Care SettingOphthalmology clinics and primary care settings.

Key Highlights

  • Risk of toxicity is less than 1% within 5 years at recommended dosing.
  • Annual screening is advised, with baseline screening recommended near treatment initiation.
  • Risk of toxicity increases with higher doses and longer duration of use.
  • New technologies like AI-based imaging analysis show potential but are not yet validated for routine use.
  • Retinopathy detection at mild stages is crucial to prevent progression.

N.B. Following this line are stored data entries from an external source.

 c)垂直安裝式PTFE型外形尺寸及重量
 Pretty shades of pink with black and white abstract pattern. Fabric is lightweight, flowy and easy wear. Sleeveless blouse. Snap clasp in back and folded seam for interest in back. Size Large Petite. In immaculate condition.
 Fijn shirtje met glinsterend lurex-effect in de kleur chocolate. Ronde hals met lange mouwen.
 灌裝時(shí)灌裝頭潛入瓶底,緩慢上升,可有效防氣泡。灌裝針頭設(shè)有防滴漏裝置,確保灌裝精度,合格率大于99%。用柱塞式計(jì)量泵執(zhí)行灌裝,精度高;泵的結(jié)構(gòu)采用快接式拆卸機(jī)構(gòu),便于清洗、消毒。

Guideline-Based Recommendations

Diagnosis

  • Baseline screening with optical coherence tomography (OCT) and fundus autofluorescence (FAF) is recommended.

Management

  • Maintain dosing at no more than 5 mg/kg/day of real body weight.

Monitoring & Follow-up

  • Annual screening during therapy; may be deferred for up to 5 years in patients without major risk factors.

Risks

  • Increased risk of toxicity in patients with renal disease, older age at treatment initiation, or concurrent use of tamoxifen.

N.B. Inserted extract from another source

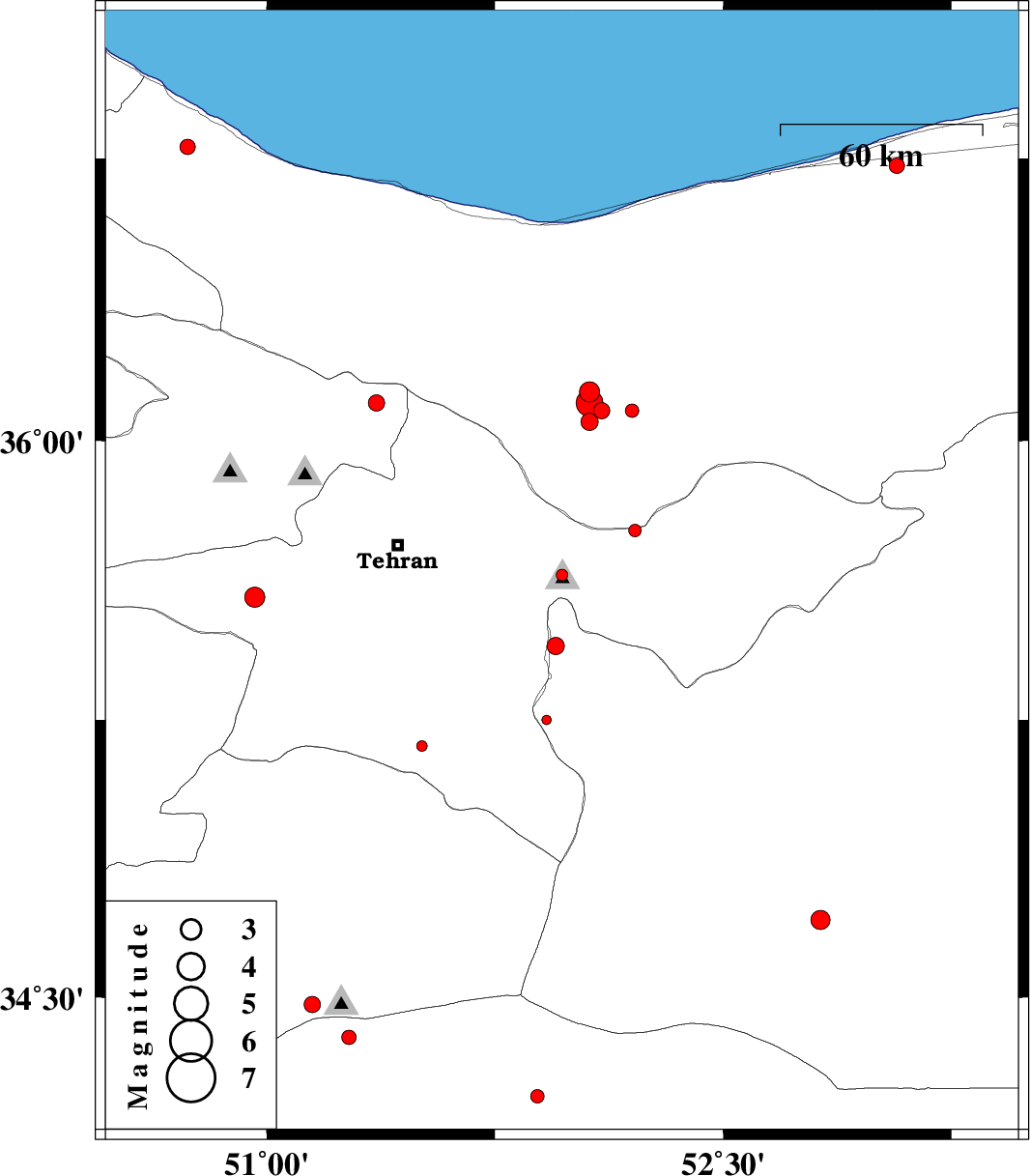 2014/05/07 | 19:56:15.6 | 00:26:15.6 | 34.71 | 52.82 | 14 | ML2.8 | Semnan Province, 72 km South-East of Garmsar | ||

Patient & Prescribing Data

Patients receiving hydroxychloroquine for chronic conditions.

With proper dosing and screening, most patients can safely use HCQ for decades.

Clinical Best Practices

  • Utilize OCT and FAF as primary screening tools.
  • Implement annual monitoring for long-term HCQ users.
  • Educate patients on the importance of adherence to dosing and screening recommendations.